Elle monta les quelques marches qui la séparaient encore du maître des lieux et arriva finalement à sa hauteur.

— Bonjour, Sir.
— Bonjour. Comment te sens-tu ?
— Mal… terriblement mal. C’est une souffrance comme nulle autre.
— Je comprends…

Un silence s’installa un court instant, puis l’homme reprit :

— Et maintenant que l’équilibre est rompu, que comptes-tu faire ?
— Trouver une solution pour le rétablir. Faire ce qu’il faut…
— Quelqu’un d’autre est au courant pour Eileen ?
— Non, il n’y a que vous et moi. Je reviendrai la chercher dès que tout sera rentré dans l’ordre…

Les yeux remplis de larmes, elle tendit le couffin à l’homme, déposa un dernier baiser sur le front de son bébé et descendit les escaliers sans se retourner. Alors qu’elle ouvrait la porte de sa voiture pour repartir, l’immortel l’interpella du haut des marches :

— Mon enfant, s’il te plaît… fais attention à toi.

La jeune femme tourna son regard vers lui, silencieuse. Le vent se leva brusquement, balayant le flan de la montagne d’une bourrasque éphémère. Quelques effluves de bruyère parcoururent l’air, ainsi qu’une fleur, qui vint rouler à ses pieds ; un chardon, de couleur noire… elle se baissa pour la ramasser.

La nuit venait de tomber sur les Highlands. Dans cette atmosphère sombre et glaciale, seule une ombre demeurait encore au pas de la porte en chêne, un reflet brumeux qui portait un couffin ; à l’intérieur, une enfant au destin incertain se mit à pleurer…

Chapitre 2

Elle avait toute la vie devant elle, si belle, si jeune… mais on me l’a arrachée, et je me retrouve seul désormais, avec ma peine et ma souffrance. Elle, au moins, ne souffre plus ! C’est la seule chose qui me réconforte un peu. Et toutes ces personnes dans la rue qui s’amusent, qui rient, qui déambulent comme si de rien n’était… Mais effectivement, il n’en est rien pour elles, seulement pour moi. Je ne les supporte plus, il faut que je sorte, que je m’éloigne de tous ces cons.

De la fenêtre de mon petit studio situé dans un vieil immeuble de la Old Town, j’aperçois en contrebas les allées et venues des touristes venus assister au Festival d’Édimbourg. Ils ont du bol, le temps est clément pour une fois, pas besoin de sortir son parapluie ou d’enfiler un putain d’imperméable. Je vais en profiter pour prendre l’air moi aussi, même si je me fous bien de la pluie après tout… je me fous bien de tout désormais.

Je descends sur quatre étages l’escalier étroit et sombre de mon immeuble, puis m’engouffre d’un pas décidé dans l’artère descendante d’High Street, à contresens du flux principal des passants qui se dirige vers Castle Rock. Tous ces moutons qui se précipitent tout en haut pour assister au spectacle de clôture, ça rime à rien. Des concerts de bagpipes y’en a plein d’autres, quel plaisir ils ont à s’agglutiner comme ça ?

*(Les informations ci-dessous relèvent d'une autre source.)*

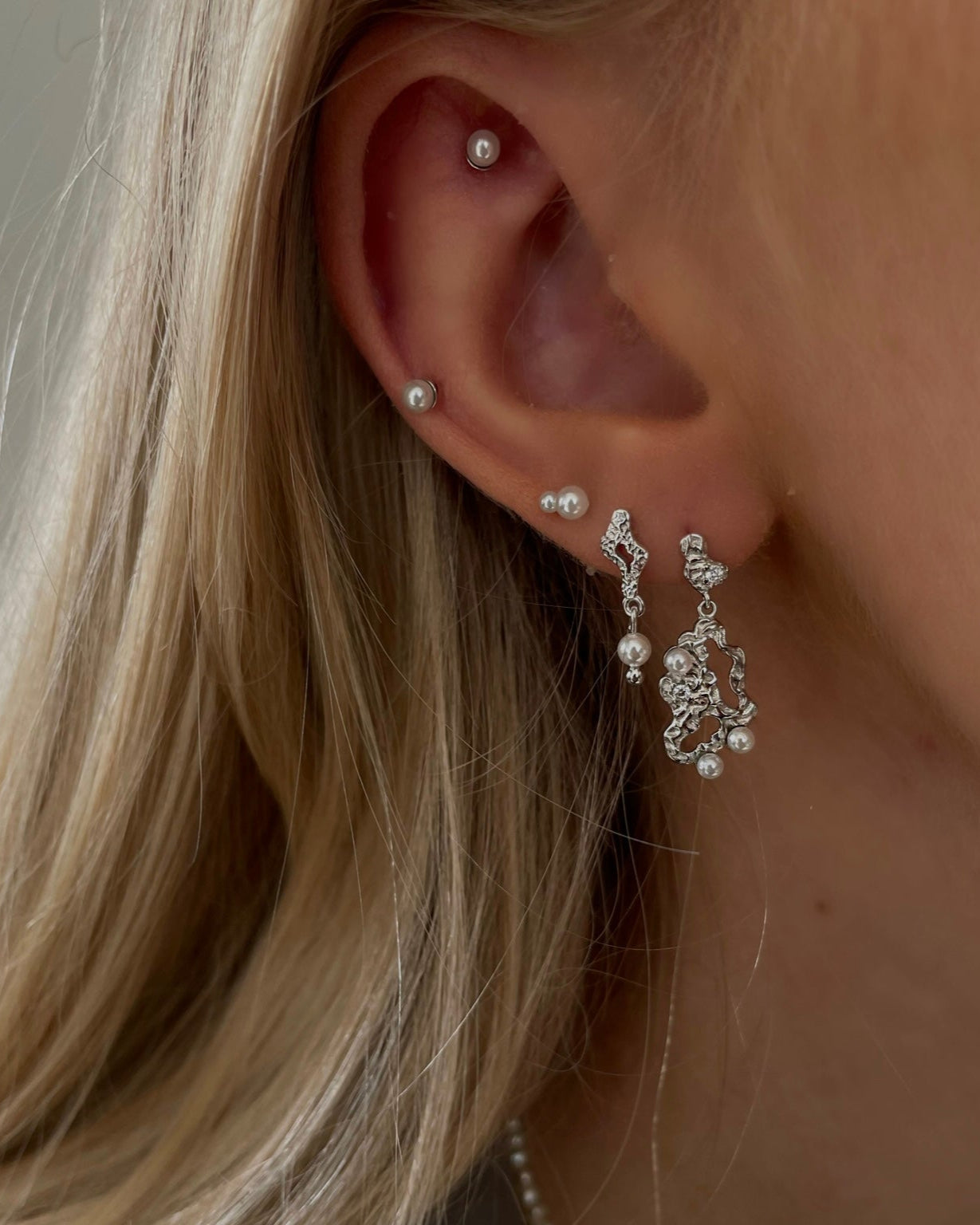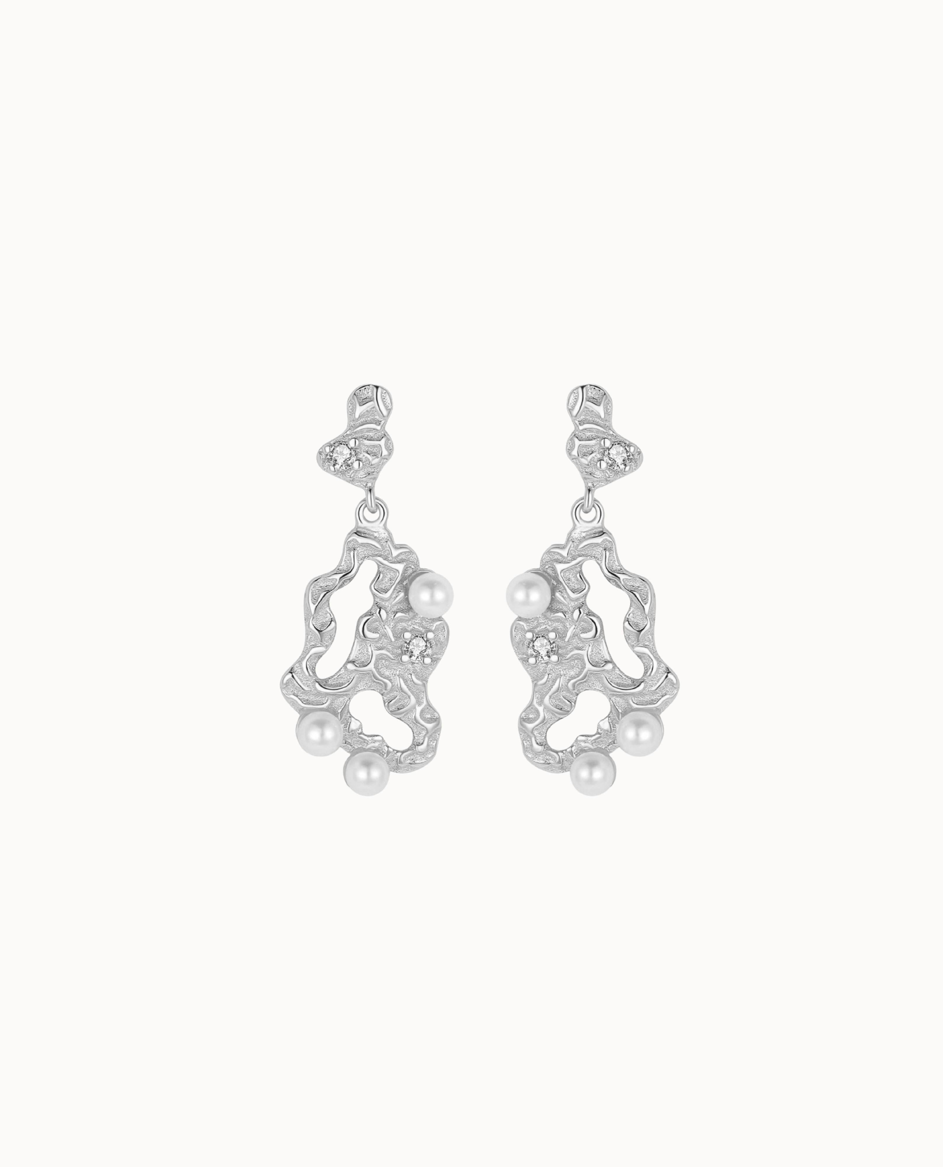 Makara Earring is the perfect accessory for any festive occasion. Makara is a statement earring that, with its hammered structure, pearls and cubic zirconia, gives a great look to that extent. The earring are a slightly larger earring, and are therefore perfect for those who want to stand out. Makara Earrings are part of the Reef Collection, which is inspired by the beautiful coral reef.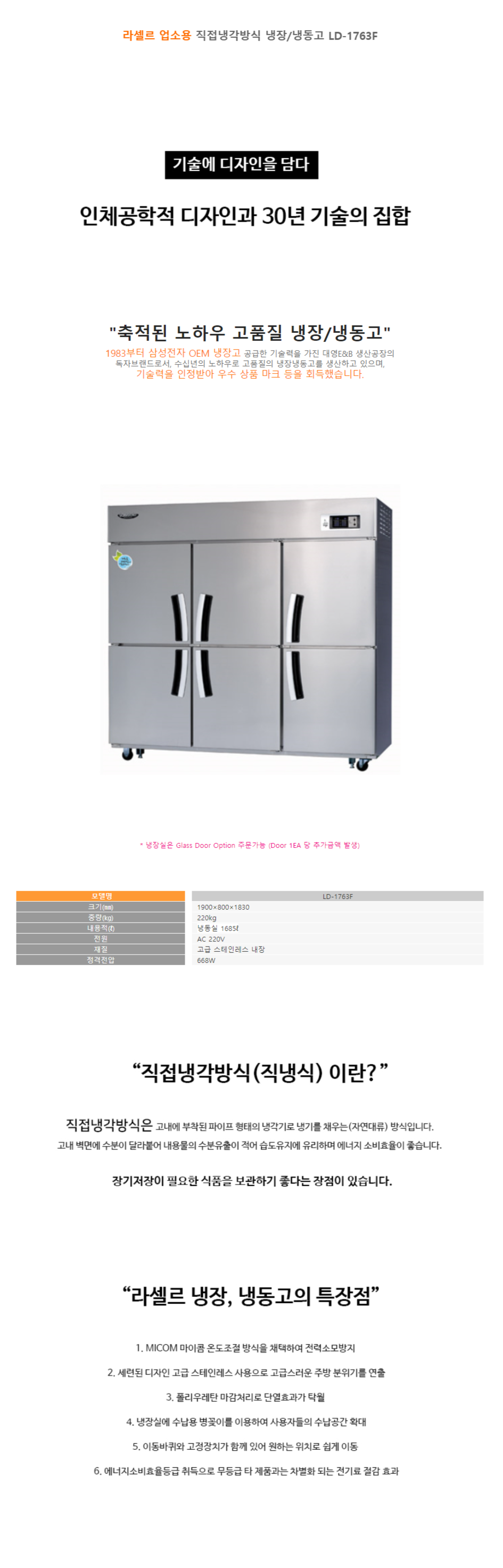 라셀르 LD-1763F 직냉식 업소용 냉동고 /65박스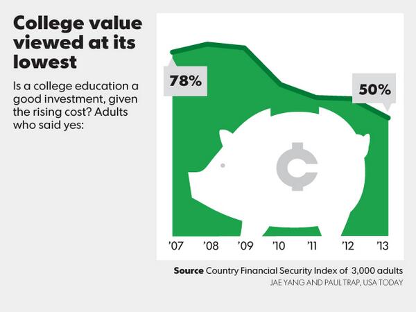 @USATODAY: Only half say a college degree is a good investment; lowest level in 7 years#snapshots pic.twitter.com/UOiuU6HVCS”@cspanwj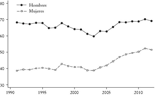 En las últimas décadas se ha registrado un importante aumento de la tasa de participación femenina en el mercado de trabajo en todo el mundo. En América Latina, durante la segunda mitad del siglo XX se han incorporado al mercado laboral aproximadamente 70 millones de mujeres, lo cual es reflejo de la importante transformación que ha tenido el papel económico de las mujeres en la región (Chioda, 2011). Siguiendo a Gasparini et al. (2000), el aumento de la cantidad de mujeres empleadas tendría efectos sobre la pobreza y la desigualdad, al menos a través de dos canales. Por un lado, debido a que un mayor número de personas tiene ingresos laborales positivos, es decir, a la menor cantidad de individuos con ingreso cero, lo cual produciría una reducción de la cantidad de personas pobres y una caída en la desigualdad. Por otro lado, dependiendo del grupo socioeconómico al que pertenecen las mujeres que consiguen empleo, podría producirse que la desigualdad aumente a pesar de que la pobreza disminuya o se mantenga estable.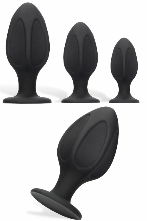 Each plug has a tapered tip for easier insertion and curved bulb with grooves for added stimulation.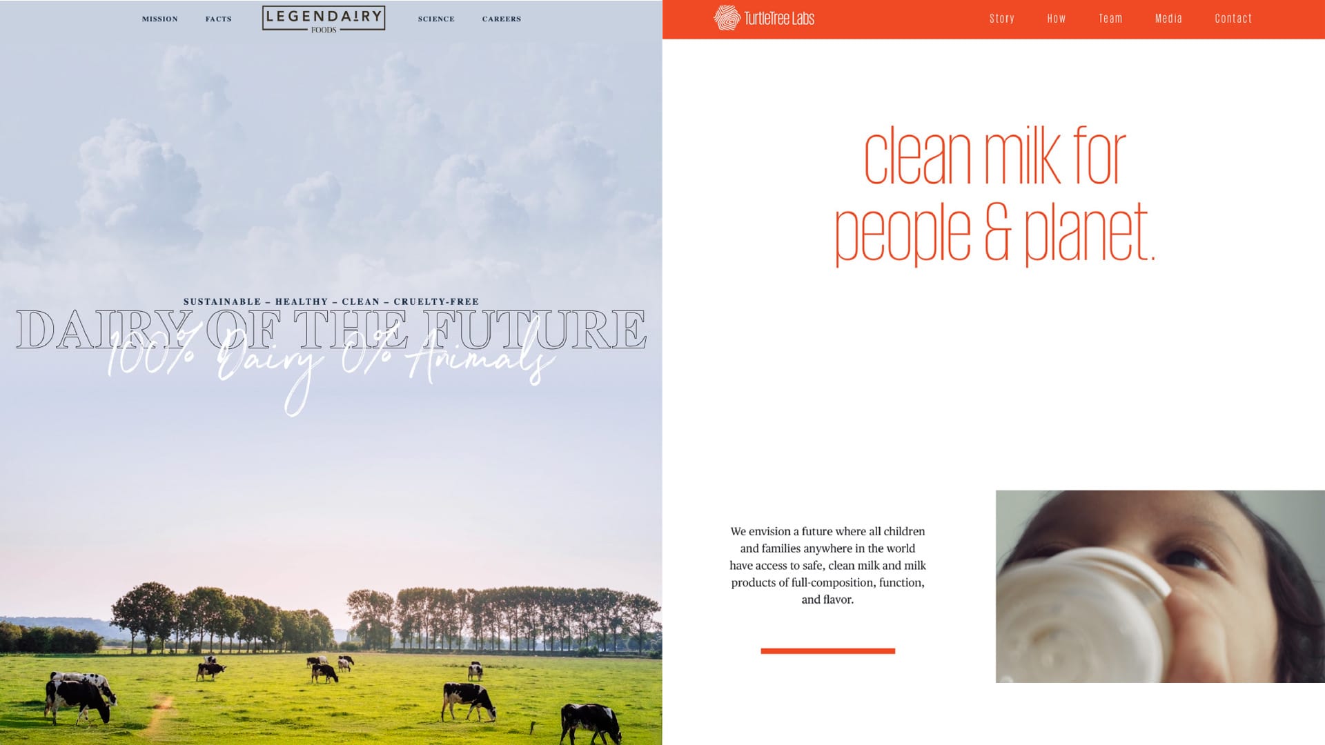 Both focused on the dairy category, with similar lofty messaging around reinventing dairy that “realigns your morals and your consumption” in the case of Legendairy Foods and “bypassing the environmental degradation and animal welfare issues of industrial dairy” in the case of TurtleTree Labs.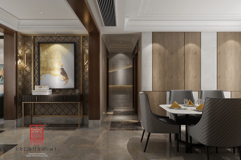 石家莊金舍裝飾-德賢公館160平米現(xiàn)代風(fēng)格裝修效果圖。是圍繞現(xiàn)代為主題,再加上美式的設(shè)計(jì)元素在里面。相互結(jié)合,相交融。以簡(jiǎn)潔明快的設(shè)計(jì)風(fēng)格為主調(diào),簡(jiǎn)潔和實(shí)用是現(xiàn)代簡(jiǎn)約風(fēng)格的基本特點(diǎn)。簡(jiǎn)約風(fēng)格已經(jīng)大行其道幾年了,仍然保持很猛的勢(shì)頭,這是因?yàn)槿藗冄b修時(shí)總希望在經(jīng)濟(jì)、實(shí)用、舒適的同時(shí),體現(xiàn)一定的文化品味。而簡(jiǎn)約風(fēng)格不僅注重居室的實(shí)用性,而且還體現(xiàn)出了現(xiàn)代社會(huì)生活的精致與個(gè)性,符合現(xiàn)代人的生活品位。全面考慮,在總體布局上方面盡量滿(mǎn)足業(yè)主生活的需求,客廳的現(xiàn)代簡(jiǎn)約和臥室的美式溫馨相結(jié)合,融會(huì)貫通。更體現(xiàn)現(xiàn)代簡(jiǎn)約之感。創(chuàng)造一個(gè)溫馨,健康的家庭環(huán)境。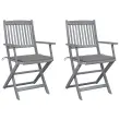 Zložljivi Vrtni Stoli - Stol za vrti 2 kosa z blazinami trden akacijev les JS2748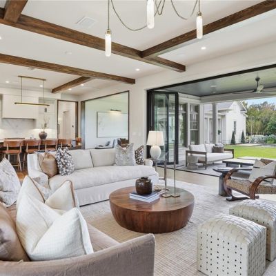 Built-in Features, Ceiling Fan(s), Coffered Ceiling(s), Crown Molding, Eating Space In Kitchen, Kitchen/Family Room Combo, Living Room/Dining Room Combo, Open Floorplan, Primary Bedroom Main Floor, Solid Wood Cabinets, Stone Counters, Thermostat, Vaulted Ceiling(s), Walk-In Closet(s), Wet Bar, Window Treatments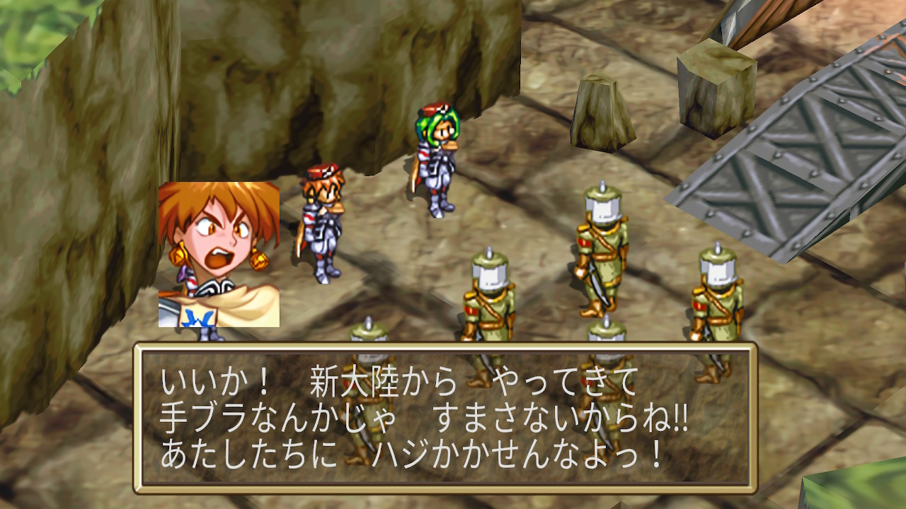 無事サルト遺跡に到着しました。ガーライル軍が絶賛発掘中です。現場を指揮しているのは3人の女性士官のようですね。なかなか活気のあっていい職場じゃないですか。赤い短髪、青い長髪、緑の眼鏡の女性士官…と。魔法騎士かな?(年がバレる発言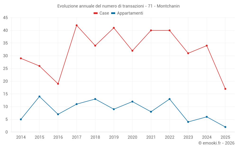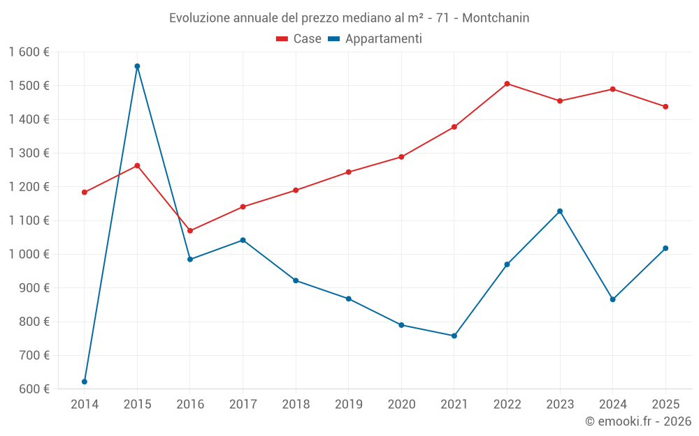 Il prezzo mediano sulle 32 transazioni di case degli ultimi 12 mesi nel comune di Montchanin era di 1 440 € al metro quadrato per un valore patrimoniale mediano di 118 500 €. In questo periodo il 60% delle transazioni era tra 816 e 1 754 € al metro quadrato (dal 2° all'8° decile).

La nuit commence à tomber et les lumières artificielles des lampadaires viennent désormais prendre le relais sur la clarté du jour. Je m’éloigne de la foule dans cette atmosphère presque moyenâgeuse en m’engageant dans une petite ruelle peu fréquentée en direction du sud, là où le brouhaha de la ville laisse place à la résonance des bruits de pas sur le bitume. Dans ce dédale sinueux de bâtiments en enfilade, noircis par des siècles d’histoire, mon esprit s’égare dans des songes brumeux où les souvenirs s’évanouissent dans les vapeurs d’alcool. Car des verres, j’en ai bu plusieurs aujourd’hui, et j’en boirai encore ! C’est à peu près la seule chose que je sais faire d’ailleurs, boire pour essayer d’oublier, oublier qu’elle n’est plus là…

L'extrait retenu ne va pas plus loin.